- **AIM OF THE TASK**
Your reply should set down word for word each line below from the one with "El documento resume" through the final line, both included, but none of the pictures.

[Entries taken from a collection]
· · ·
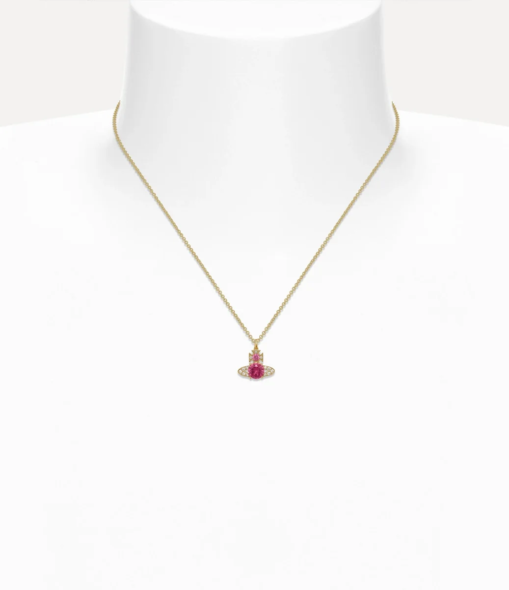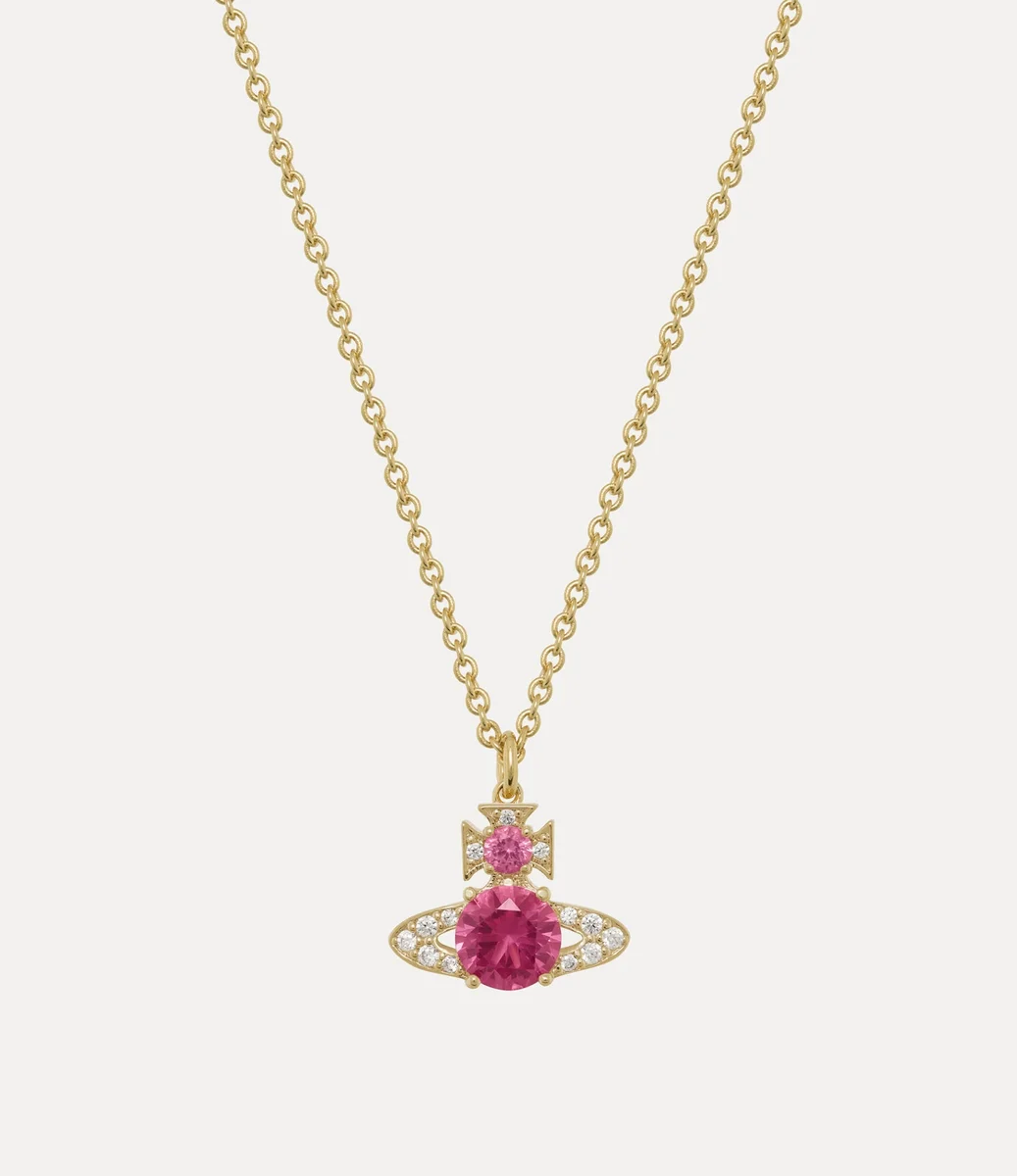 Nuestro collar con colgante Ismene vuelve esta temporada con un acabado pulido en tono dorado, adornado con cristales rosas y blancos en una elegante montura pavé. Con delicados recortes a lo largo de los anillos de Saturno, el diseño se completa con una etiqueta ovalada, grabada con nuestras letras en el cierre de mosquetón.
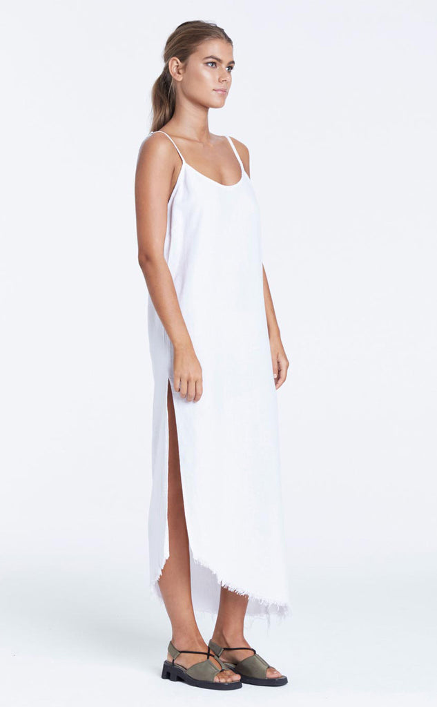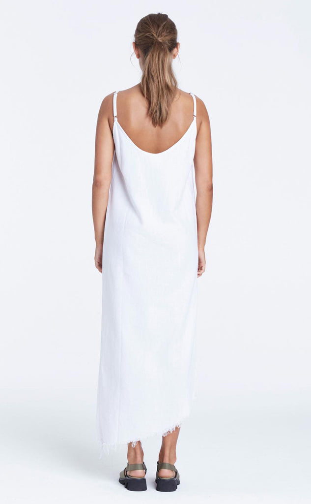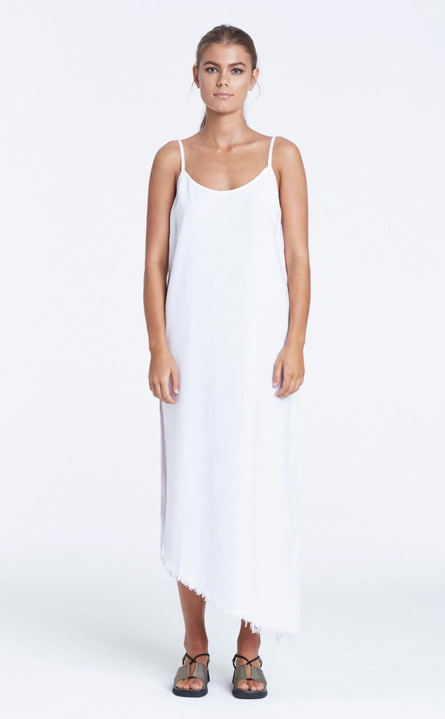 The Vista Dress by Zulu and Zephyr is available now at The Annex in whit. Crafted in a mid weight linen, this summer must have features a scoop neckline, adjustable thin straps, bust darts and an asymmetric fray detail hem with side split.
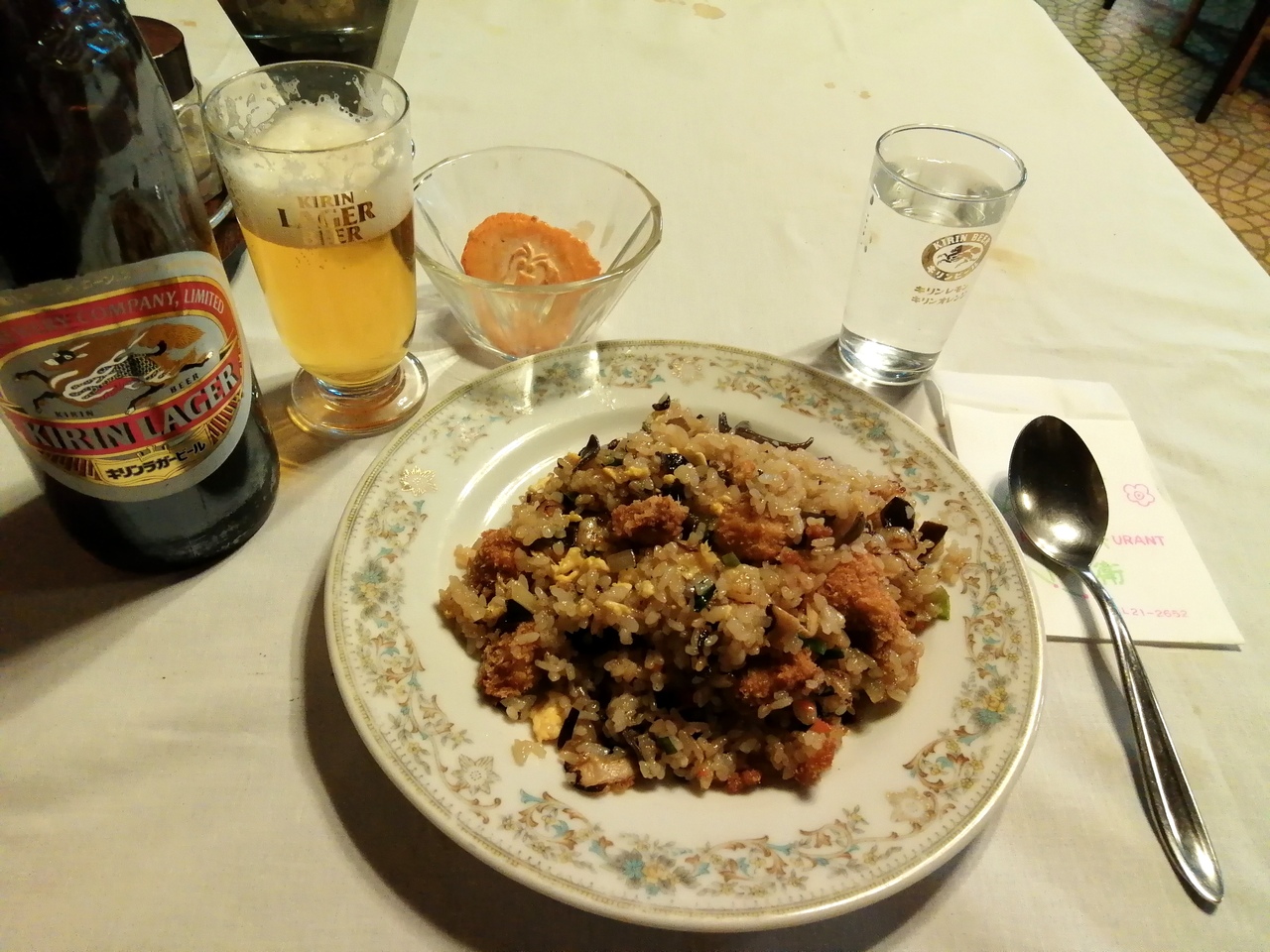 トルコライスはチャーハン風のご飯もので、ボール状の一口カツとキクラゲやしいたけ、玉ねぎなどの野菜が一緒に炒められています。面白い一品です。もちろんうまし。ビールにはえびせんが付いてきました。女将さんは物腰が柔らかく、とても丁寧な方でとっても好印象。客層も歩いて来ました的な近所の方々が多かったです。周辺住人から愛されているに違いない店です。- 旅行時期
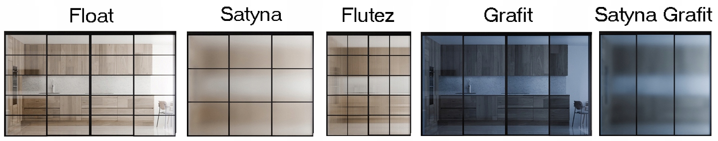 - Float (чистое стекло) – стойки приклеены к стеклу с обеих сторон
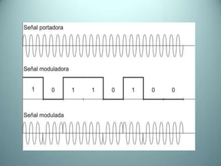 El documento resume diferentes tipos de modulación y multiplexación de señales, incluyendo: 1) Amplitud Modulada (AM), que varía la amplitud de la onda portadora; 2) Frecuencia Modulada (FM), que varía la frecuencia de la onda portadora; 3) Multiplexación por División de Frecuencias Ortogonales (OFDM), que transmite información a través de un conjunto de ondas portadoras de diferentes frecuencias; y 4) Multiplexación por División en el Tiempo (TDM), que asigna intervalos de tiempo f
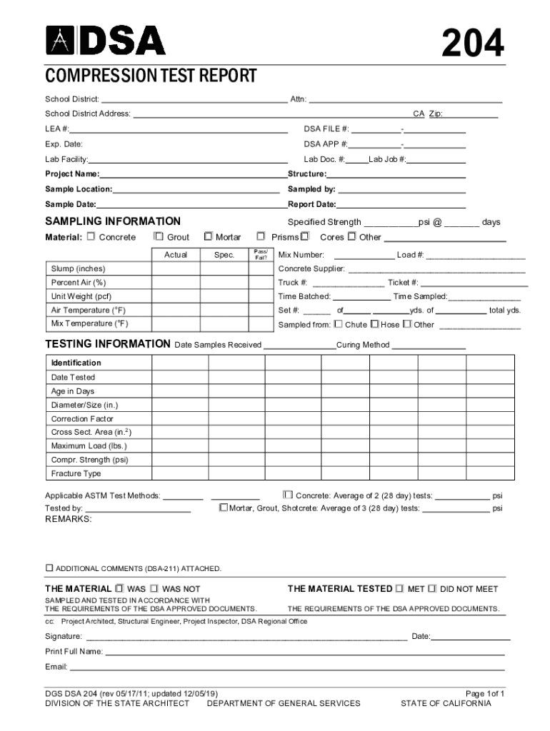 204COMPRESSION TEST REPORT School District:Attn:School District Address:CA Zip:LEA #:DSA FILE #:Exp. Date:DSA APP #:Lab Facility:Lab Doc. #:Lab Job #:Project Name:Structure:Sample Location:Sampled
· · ·
- **YOUR RESPONSE**
 El documento resume diferentes tipos de modulación y multiplexación de señales, incluyendo: 1) Amplitud Modulada (AM), que varía la amplitud de la onda portadora; 2) Frecuencia Modulada (FM), que varía la frecuencia de la onda portadora; 3) Multiplexación por División de Frecuencias Ortogonales (OFDM), que transmite información a través de un conjunto de ondas portadoras de diferentes frecuencias; y 4) Multiplexación por División en el Tiempo (TDM), que asigna intervalos de tiempo f
 204COMPRESSION TEST REPORT School District:Attn:School District Address:CA Zip:LEA #:DSA FILE #:Exp. Date:DSA APP #:Lab Facility:Lab Doc. #:Lab Job #:Project Name:Structure:Sample Location:Sampled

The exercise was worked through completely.